A quick way to communicate practical impact is CI width reduction.


In [None]:
def ci_width(ci_low: float, ci_high: float) -> float:
    return float(ci_high - ci_low)

wide = []
for appr in out["approach"].unique():
    base = out[(out["approach"] == appr) & (out["variant"] == "base")].iloc[0]
    cup = out[(out["approach"] == appr) & (out["variant"] == "CUPED")].iloc[0]
    w0 = ci_width(base["ci_low"], base["ci_high"])
    w1 = ci_width(cup["ci_low"], cup["ci_high"])
    wide.append({"approach": appr, "ci_width_base": w0, "ci_width_cuped": w1, "reduction": 1 - w1 / w0})

ci_tbl = pd.DataFrame(wide).sort_values("reduction", ascending=False)
ci_tbl

In [None]:
plt.figure(figsize=(10, 4))
x = np.arange(len(ci_tbl))
plt.bar(x - 0.2, ci_tbl["ci_width_base"], width=0.4, label="base")
plt.bar(x + 0.2, ci_tbl["ci_width_cuped"], width=0.4, label="CUPED", alpha=0.7)
plt.xticks(x, ci_tbl["approach"], rotation=20, ha="right")
plt.ylabel("CI width (in approach units)")
plt.title("CI width: base vs CUPED under heavy tails")
plt.legend()
plt.tight_layout()
plt.show()

## 6) Empirical power and type I error (small simulation)

We estimate rejection rates at fixed sample size.

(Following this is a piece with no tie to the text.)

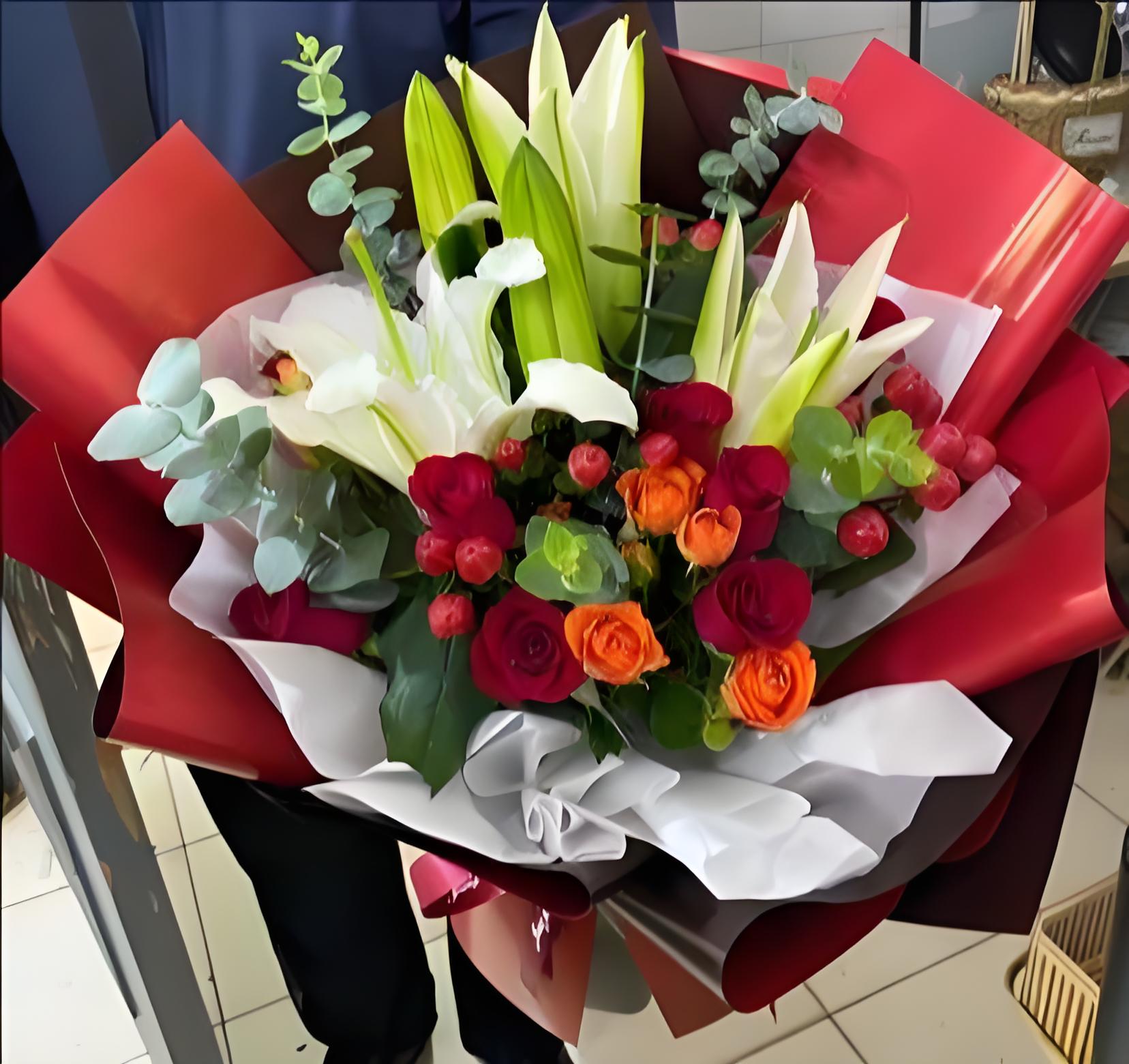 洛阳花店包11枝红玫瑰、2枝多头白百合、6枝橙色多头玫瑰、红豆、尤加利叶

To keep runtime reasonable:
- start with N_ITER = 25
- no bootstrap inside the loop

We compare:
- raw ARPU (base vs CUPED)
- winsorized p99 (base vs CUPED)
- log1p ARPU (base vs CUPED)


In [None]:
def pvals_raw_base_cuped(df: pd.DataFrame, alpha: float = ALPHA):
    c, t = split_groups(df)

    y_c = c["revenue"].to_numpy(float); y_t = t["revenue"].to_numpy(float)
    x_c = c["revenue_pre"].to_numpy(float); x_t = t["revenue_pre"].to_numpy(float)

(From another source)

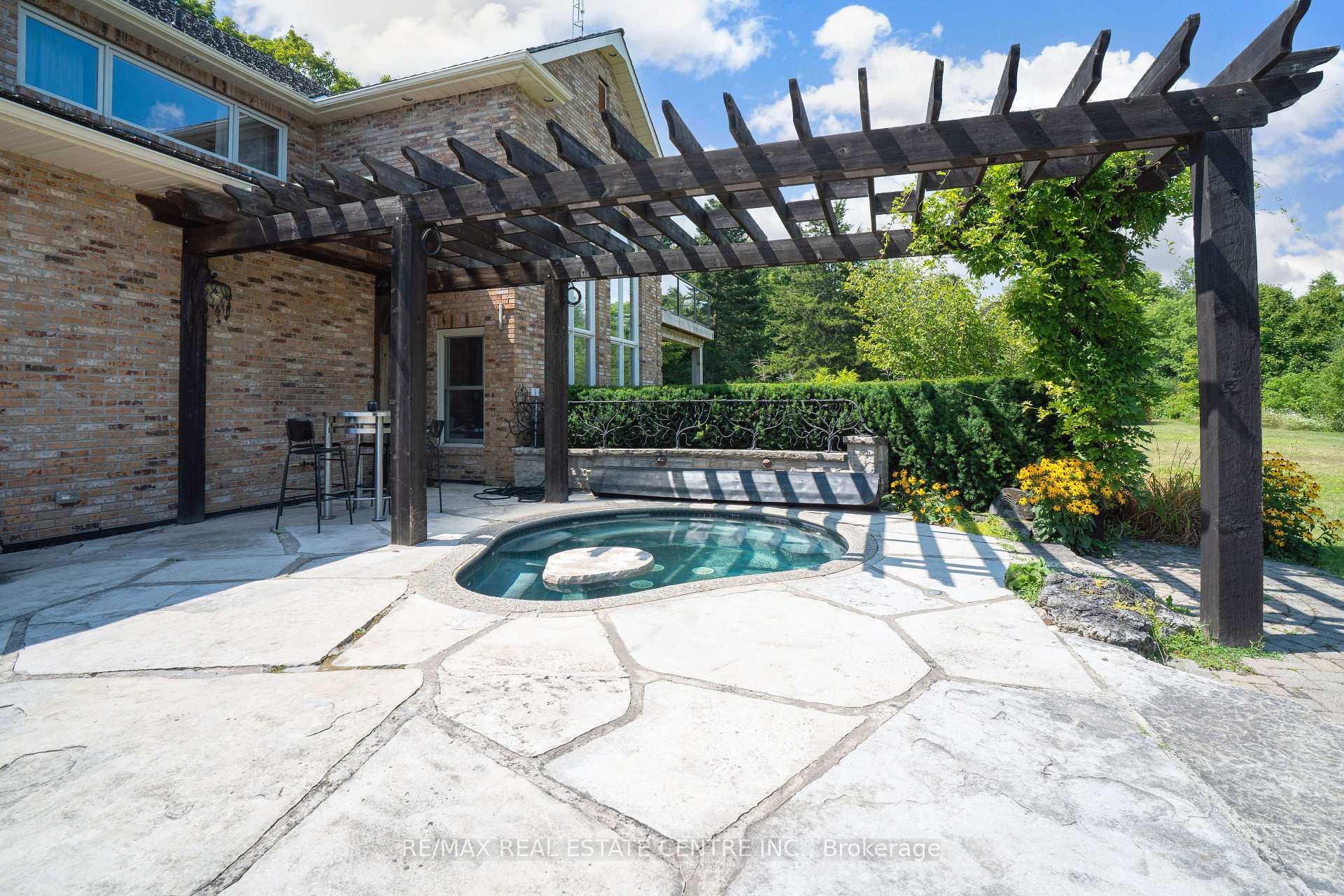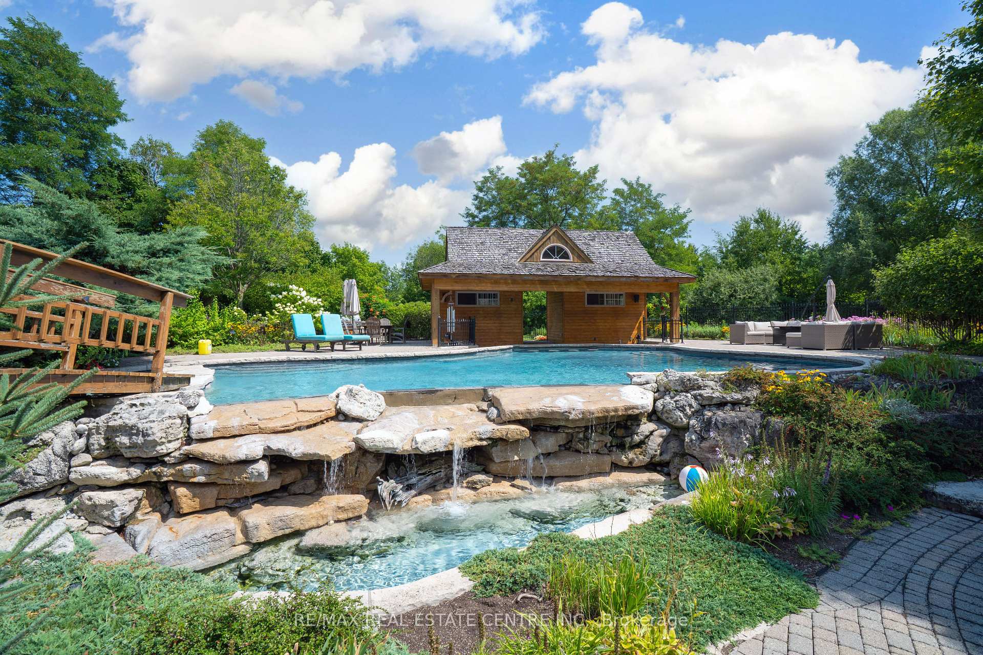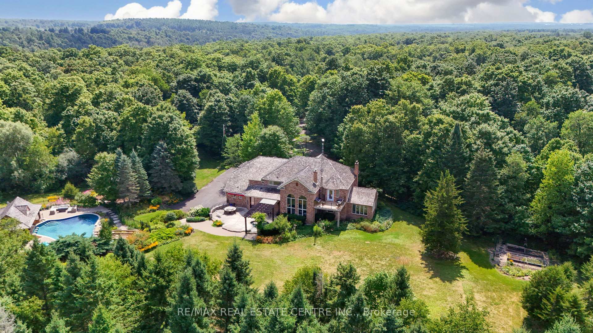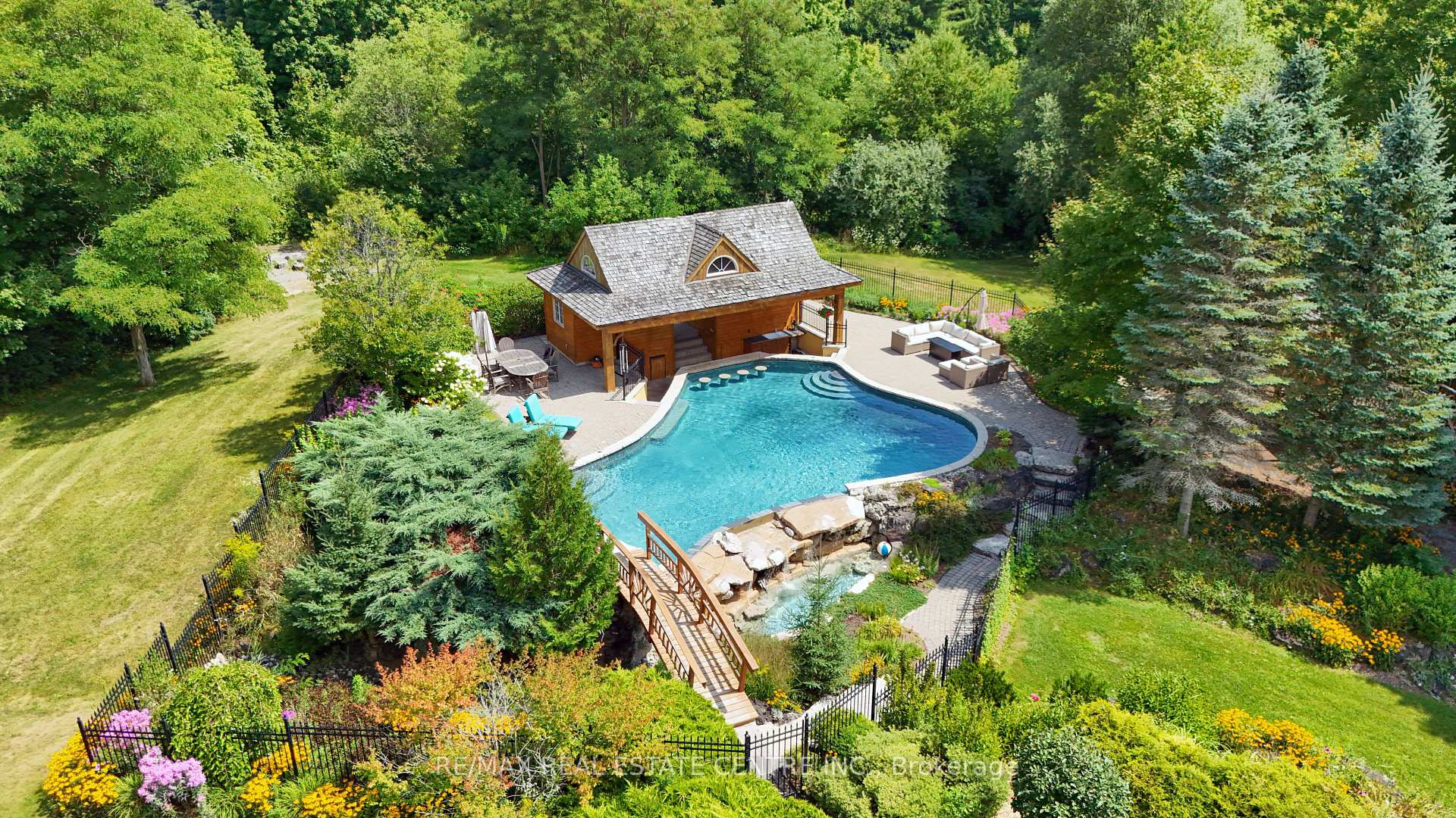 A Signature Estate in Nassagaweya. Set at the end of a long, tree-lined drive, this remarkable custom-built 4-bedroom, 7-bathroom residence delivers over 6,100 sq. ft. above grade plus approx 2,000 sq. ft. finished walk-out lower level. The grand two-storey foyer leads to a striking great room with floor-to-ceiling stone fireplace, a light-filled conservatory, private office, and a sunken living room. The chefs kitchen showcases premium appliances, live-edge granite surfaces, an oversized island, and a sunny breakfast nook, while the formal dining room offers a two-sided stone fireplace and custom cabinetry. A billiards lounge with lava rock bar, waffle ceiling, and bespoke built-ins adds to the main floors appeal. Upstairs, the primary suite features a spa-like ensuite and a custom walk-in closet, while three additional bedrooms each have their own designer baths. A secondary staircase provides direct access to the kitchen and laundry. The lower level is fully finished with a large recreation area, games room, and 2-piece bath. Outdoors, the resort-style grounds feature a lagoon-inspired saltwater pool with waterfall, wading area, swim-up bar, and custom hot tub. A cedar pool house with 2- piece bath, sunken outdoor kitchen, and stone patio BBQ space make entertaining effortless. The property also includes two fire pits, a playhouse, horseshoe pit, vast lawn areas, a detached garage with heated workshop, and parking for 50+ vehicles. All within minutes of Rockwood, and an easy commute to Guelph, Milton, the GTA, and Pearson Airport. A home that delivers unmatched luxury, privacy, and lifestyle.

    base = welch_ttest_effect(y_c, y_t, alpha=alpha)["p_value"]
    cup_c, cup_t = cuped_split_adjust(y_c, x_c, y_t, x_t)
    cup = welch_ttest_effect(cup_c.y_adj, cup_t.y_adj, alpha=alpha)["p_value"]

    return base, cup


def pvals_winsor_base_cuped(df: pd.DataFrame, alpha: float = ALPHA):
    y_all = winsorize(df["revenue"].to_numpy(float), upper_q=0.99)
    x_all = winsorize(df["revenue_pre"].to_numpy(float), upper_q=0.99)
    g = df["group"].to_numpy()

    y_c = y_all[g == "control"]; y_t = y_all[g == "test"]
    x_c = x_all[g == "control"]; x_t = x_all[g == "test"]

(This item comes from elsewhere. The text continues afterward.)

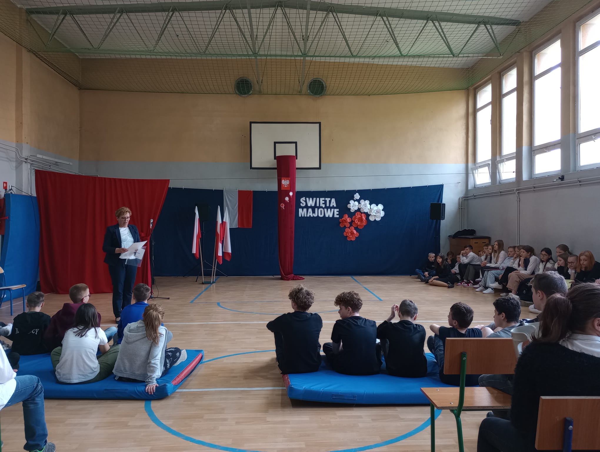 Akademię przygotowali uczniowie klasy 5b i 7a, którzy w rytm poloneza Wojciecha Kilara weszli na scenę, a następnie przybliżyli historię tego tak ważnego dla wszystkich Polaków Święta Narodowego. Recytowali fragmenty "Pana Tadeusza", wiersz Wisławy Szymborskiej oraz zaśpiewali piosenkę Jana Pietrzaka " Żeby Polska była Polską".

    base = welch_ttest_effect(y_c, y_t, alpha=alpha)["p_value"]
    cup_c, cup_t = cuped_split_adjust(y_c, x_c, y_t, x_t)
    cup = welch_ttest_effect(cup_c.y_adj, cup_t.y_adj, alpha=alpha)["p_value"]

    return base, cup


def pvals_log_base_cuped(df: pd.DataFrame, alpha: float = ALPHA):
    c, t = split_groups(df)

    y_c = np.log1p(c["revenue"].to_numpy(float)); y_t = np.log1p(t["revenue"].to_numpy(float))
    x_c = np.log1p(c["revenue_pre"].to_numpy(float)); x_t = np.log1p(t["revenue_pre"].to_numpy(float))

    base = welch_ttest_effect(y_c, y_t, alpha=alpha)["p_value"]
    cup_c, cup_t = cuped_split_adjust(y_c, x_c, y_t, x_t)
    cup = welch_ttest_effect(cup_c.y_adj, cup_t.y_adj, alpha=alpha)["p_value"]

    return base, cup


def rejection_rates(cfg: SyntheticB2CConfig, n_iter: int, alpha: float, seed0: int):
    rej = {
        "raw_base": 0, "raw_cuped": 0,
        "win_base": 0, "win_cuped": 0,
        "log_base": 0, "log_cuped": 0,
    }

    for i in range(n_iter):
        cfg_i = SyntheticB2CConfig(**{**cfg.__dict__, "seed": seed0 + i})
        df_i = generate_user_level_data(cfg_i)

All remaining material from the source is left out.